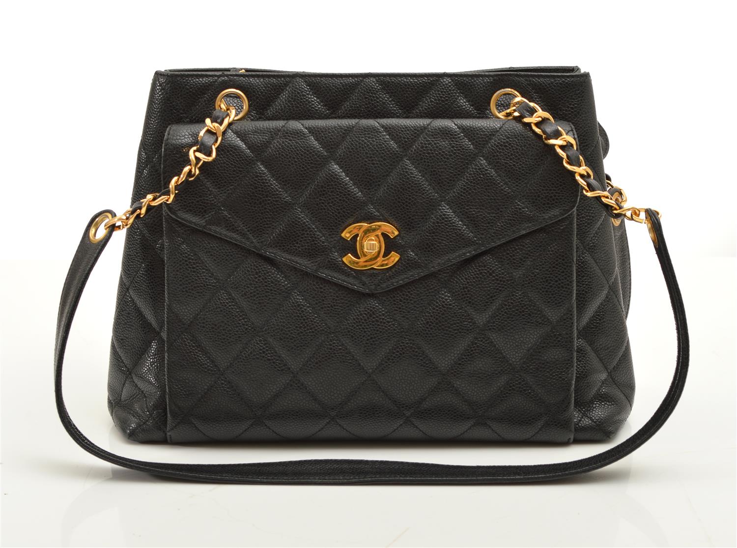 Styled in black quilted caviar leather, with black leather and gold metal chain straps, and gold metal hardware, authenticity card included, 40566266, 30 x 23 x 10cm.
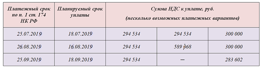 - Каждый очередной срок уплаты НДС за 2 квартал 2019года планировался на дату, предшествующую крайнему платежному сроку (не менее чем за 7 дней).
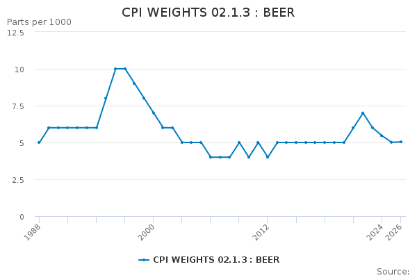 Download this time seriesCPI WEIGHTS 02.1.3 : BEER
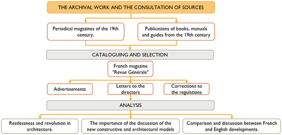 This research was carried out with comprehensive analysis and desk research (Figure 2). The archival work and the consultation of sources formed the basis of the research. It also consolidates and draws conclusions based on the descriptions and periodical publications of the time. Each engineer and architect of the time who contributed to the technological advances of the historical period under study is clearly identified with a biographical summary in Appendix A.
...
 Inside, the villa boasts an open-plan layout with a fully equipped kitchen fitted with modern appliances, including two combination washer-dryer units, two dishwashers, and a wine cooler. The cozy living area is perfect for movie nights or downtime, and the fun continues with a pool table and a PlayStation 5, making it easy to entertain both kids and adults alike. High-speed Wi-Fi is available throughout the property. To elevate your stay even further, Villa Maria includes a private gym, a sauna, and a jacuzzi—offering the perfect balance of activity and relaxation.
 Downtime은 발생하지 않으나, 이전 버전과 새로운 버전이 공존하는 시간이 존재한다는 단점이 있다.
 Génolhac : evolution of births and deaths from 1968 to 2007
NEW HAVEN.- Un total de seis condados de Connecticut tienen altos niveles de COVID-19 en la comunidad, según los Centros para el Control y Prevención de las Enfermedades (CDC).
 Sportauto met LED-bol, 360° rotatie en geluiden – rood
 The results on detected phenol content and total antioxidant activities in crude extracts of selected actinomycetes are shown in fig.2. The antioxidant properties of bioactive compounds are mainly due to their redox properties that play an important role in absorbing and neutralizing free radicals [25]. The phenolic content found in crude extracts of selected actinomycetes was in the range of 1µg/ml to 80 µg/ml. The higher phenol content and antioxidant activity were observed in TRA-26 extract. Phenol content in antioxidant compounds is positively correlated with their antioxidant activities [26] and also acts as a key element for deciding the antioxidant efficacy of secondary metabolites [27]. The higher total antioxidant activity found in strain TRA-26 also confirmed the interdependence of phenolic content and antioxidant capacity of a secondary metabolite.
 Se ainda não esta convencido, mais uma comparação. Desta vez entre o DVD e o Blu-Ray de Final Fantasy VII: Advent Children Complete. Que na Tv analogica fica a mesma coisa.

What you have to do:
A clean copy is needed of the lines above from the one with "- Каждый очередной" up to and including the one with "This research was". Please set it down exactly, with no pictures.

Response area:
 - Каждый очередной срок уплаты НДС за 2 квартал 2019года планировался на дату, предшествующую крайнему платежному сроку (не менее чем за 7 дней).
 Download this time seriesCPI WEIGHTS 02.1.3 : BEER
 This research was carried out with comprehensive analysis and desk research (Figure 2). The archival work and the consultation of sources formed the basis of the research. It also consolidates and draws conclusions based on the descriptions and periodical publications of the time. Each engineer and architect of the time who contributed to the technological advances of the historical period under study is clearly identified with a biographical summary in Appendix A.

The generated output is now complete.